Part one attempts to give a feel for everyday life. There are some superb descriptive passages in this — of a cheap lodging house and its inhabitants, of what it's like to work down a mine, and of the unemployed scrabbling for waste coal, to list just a few.
"We walked up to the top of the slag-heap. The men were shovelling the dirt out of the trucks, while down below their wives and children were kneeling, swiftly scrabbling with their hands in the damp dirt and picking out lumps of coal the size of an egg or smaller. You would see a woman pounce on a tiny fragment of stuff, wipe it on her apron, scrutinize it to make sure it was coal, and pop it jealously into her sack. [...] Down at the bottom of the 'broo' the people who had failed to get on to either train were gleaning the tiny chips of coal that came rolling down from above — fragments no bigger than a hazel-nut, these, but the people were glad enough to get them."Insightful interpretations accompany the descriptions, though in places Orwell ventures less successfully towards social history, with analysis of household budgets, statistics, housing, and so forth. Some of what he writes is still topical — an explanation of the low quality diet of the poor, for example.
Drawing on the experiences described in part one, and those as a tramp described in Down and Out in Paris and London, Orwell goes on in part two to offer some broader observations on the English class system and on the challenges facing socialism. He touches on his own background as an Eton-educated snob and his life-changing experience as an agent of imperialism in Burma, before moving on to general observations, on topics such as the use of "cleanliness" to reinforce class barriers and the common mismatch between social and economic status.
Orwell also offers practical "marketing tips" for those trying to sell socialism.

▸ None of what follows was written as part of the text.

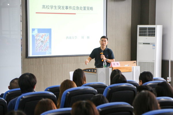 周翱副部长结合自身处置多起学生突发事件的经历和经验,详细阐释了学生突发事件应急处置的原则,介绍了高校学生工作风险防控的类型、规避办法,讲述了高校学生突发事件预防与处置、高校学生突发事件应急处置策略。同时,还分享了他总结提炼的高校学生突发事件应急处置“三级缓冲法”。

"Socialism, at least in this island, does not smell any longer of revolution and the overthrow of tyrants; it smells of crankishness, machine-worship, and the stupid cult of Russia. Unless you can remove that smell, and very rapidly, Fascism may win."Some of this seems odd or misguided now — snide remarks about sandal-wearing vegetarians, for example, and some racial stereotyping — and Orwell's predictions are in places just plain wrong. Though much less engaging than the first-hand descriptions in part one, however, this does offer a fascinating perspective on the politics of the time.